He did not wish to repeat what he had before said. He desired the clause which he had indicated, stricken out, in order that there might be no contradiction in the language of the constitution. He did not believe that there was a scholar in that hall who was able to reconcile the conflicting, as he conceived it to be, language of the two sections.
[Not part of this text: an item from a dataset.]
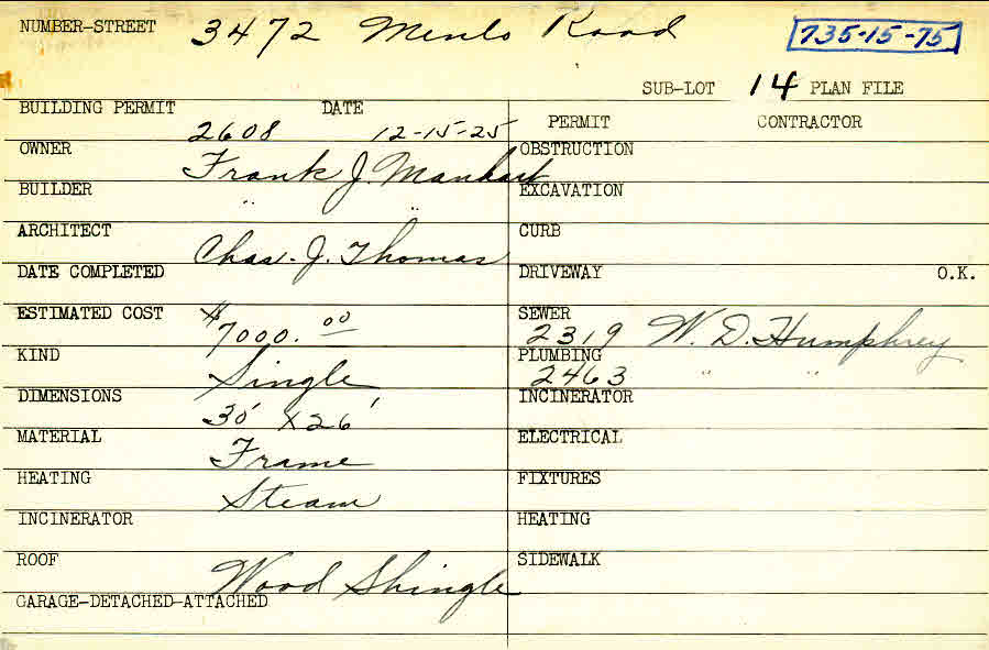 3472 Menlo Road Shaker Heights, OH 44120 PARCEL ID: 735-15-075 Building Permit Date: 12-15-1925 Plan File Number: 12149 Microfilm Roll: NewRoll#11 Neighborhood: Moreland Owner: Manhart, Frank J. Builder: Manhart, Frank J. Architect: Thomas, Charles J. Estimated Cost: 7000 Kind: Single, Single Residence or Dwelling Material: Frame Heating: Steam Roof: Wood Shingle |

There had been some delegates in this convention who had expressed themselves in language which showed their hostility to foreigners, and the descendants of foreigners. And, in the course of their argument, they had intimated as much as that they preferred the blacks to them. He would say to those gentlemen that it would be well if they would take counsel of their reason, instead of giving way to passion. Let them look back to the history of their country, and they would find that foreigners, despised as they might be, were not backward in assisting this country against her enemies. It was the duty of every man owing allegiance to the government, to do his utmost to sustain it. With regard to the memorial of the blacks, the very principle of it proves them to be a distinct people.

He maintained that those delegates elected to this convention, and who advocated this exclusive privilege in regard to the Quakers, would seem to have been elected for the purpose of defeating those measures that were calculated to add to the dignity, and to advance the glory of Penn sylvania, and of the Union at large. He would say most unequivocally that if the society of friends would not give their aid and assistance to the state, when deemed necessary, they had no right to have any representatives on the floor of this convention. Mr. C. proceeded to notice some of the taunts, as he regarded them which had been thrown out against foreigners by certain delegates-when he was reminded by

The CHAIR, (Mr. Porter) that he was digressing from the subject before the convention.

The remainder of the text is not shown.